Ainsi le film démarre-t-il sur une enquête faisant suite à une succession de meurtres aux origines encore inconnues. Mais rapidement, les dires et rumeurs sur un étrange japonais vont amener le film policier à devenir un véritable thriller surnaturel (et non fantastique !) au moyen d'un environnement rural où différencier les vivants et les morts est impossible tant l'imaginaire peut se mêler au réel. Un véritable changement de dimension qui s'opère peu à peu, une descente aux enfers diront certains.
Face aux impasses et incertitudes, la croyance s'avère être dès lors une des problématiques clé dans ce film, autant pour nos protagonistes que pour le spectateur.
Avant d'aller plus loin il est important de préciser que Na Hong-Jin n'abandonne pas pour autant ses thèmes et obsessions. Un anti-héros toujours sujet aux souffrances comme nous l'avons vu, mais surtout cette idée du chasseur chassé que l'on redécouvre encore ici. Central dans The Chaser et The Murderer, ce thème est d'autant plus fondamental que notre policier va devoir enquêter pour la survie de fille. Chasseur de démon mais aussi proie de ce dernier !
The Strangers est donc un film sur l'étrange, sur l'étranger mais aussi sur le credo (métaphore filée du pêcheur dès le premier plan), sur la famille, sur la société allant de la comédie noire au thriller surnaturel et horrifique (c'est cadeau Romero !). Un film sur la manipulation et l'imaginaire, sur les croyances.

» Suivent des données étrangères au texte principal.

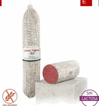
SALAME UNGHERESE 3 KG 1U
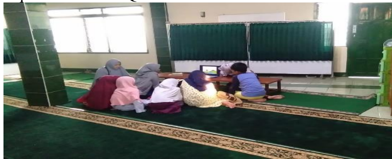
Gambar 2.2 Subjek Penelitian

Jumlah siswa tingkat B adalah 15 orang yang terdiri dari laki-laki dan perempuan. Pengambilan subjek penelitian ditentukan berdasarkan kurang inovatifnya pembelajaran di TPA/TPQ. Objek penelitian ini adalah strategi pembelajaran ISC untuk mempelajari korelasi sains dengan ayat Alquran di TPA/TPQ.
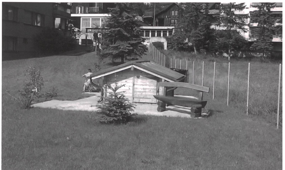
Bild 1 Heutiger Zustand des Bohrlochkopfes, als Chalet getarnt.

H. Füglistner AG Seestrasse 54 6353 Weggis
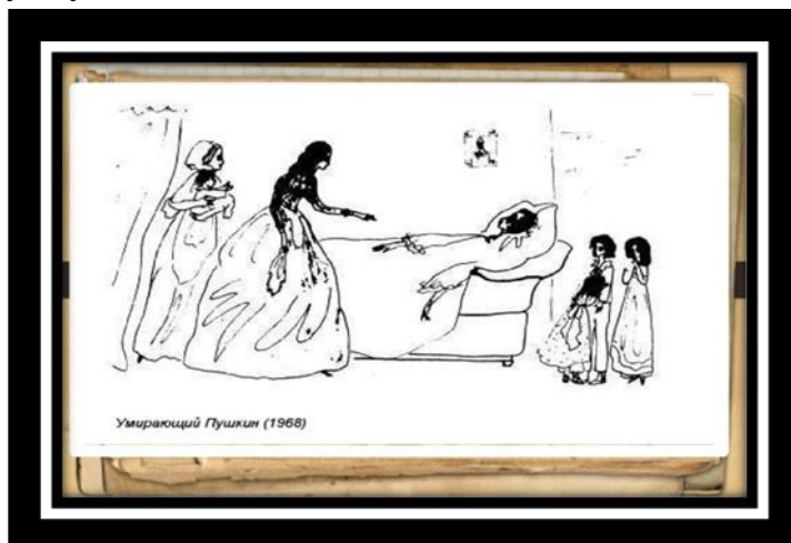
Рисунок 3. Н. Рушева из цикла «Пушкиниана»

До сих пор исследователи изучают документы, чтобы реконструировать историю любви века, которая привела к трагическому исходу: дуэли и гибели поэта.
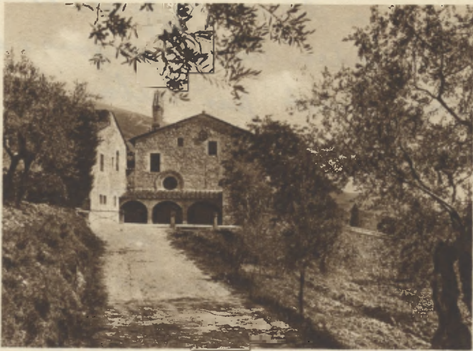
ASSISI - Santuario di S. Damiano : 26x1 1993
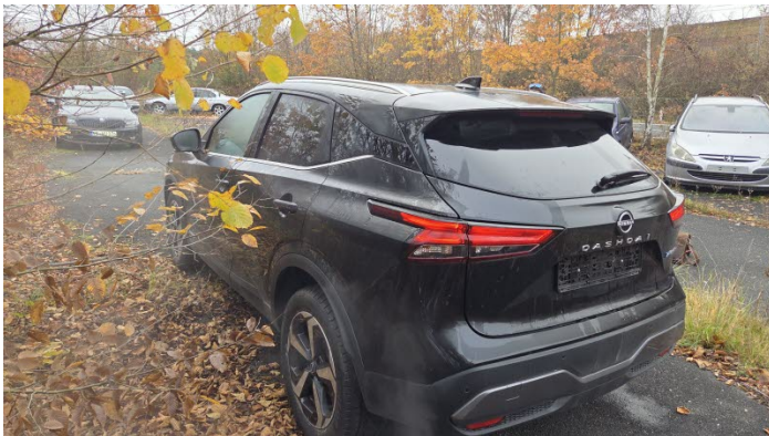
Fahrzeug Foto 3 von 13
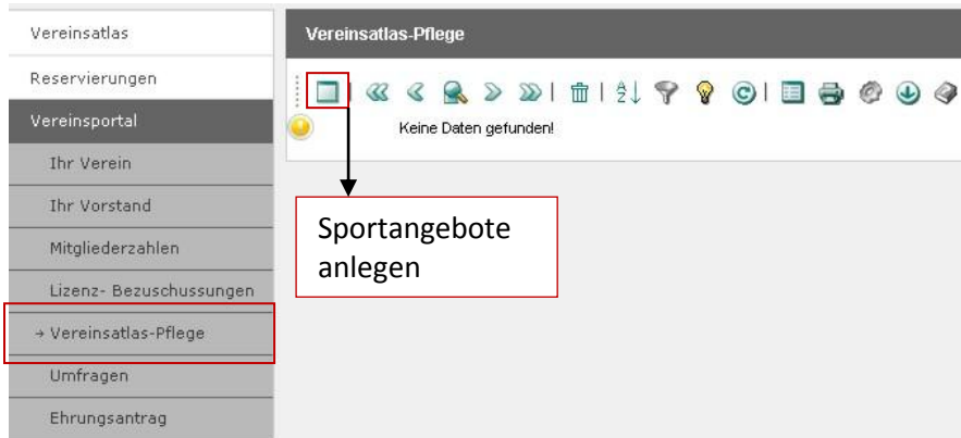
Abbildung 10: Sportangebote neu erstellen

Mit dem linken Symbol (Neuer Datensatz) können Sie Sportangebote neu anlegen (siehe Abb. 10).

Face à l'étrange, l'Eglise comme la Médecine sont ici impuissantes. En effet on ne peut que croire et agir en conséquence. L'imagination est omniprésente. Cependant comme le dit la maxime Pascalienne "cette partie dominante dans l’homme, cette maîtresse d’erreur et de fausseté, et d’autant plus fourbe qu’elle ne l’est pas toujours". Victimes des "on dit", des "rumeurs", des "brèves de comptoirs" et des hallucinations dont cette campagne semble être le parfait terreau, les hommes créent leurs démons afin de feindre leur ignorance, mais en vain.
Jusqu'à la fin, avec une tension dramatique des plus captivante, nous ne savons pas nécessairement qui dupe, qui trompe. Mais nous savons en revanche qui est dupé. D'où un certain malaise ambiant à cette oeuvre aussi fourbe que maîtrisée.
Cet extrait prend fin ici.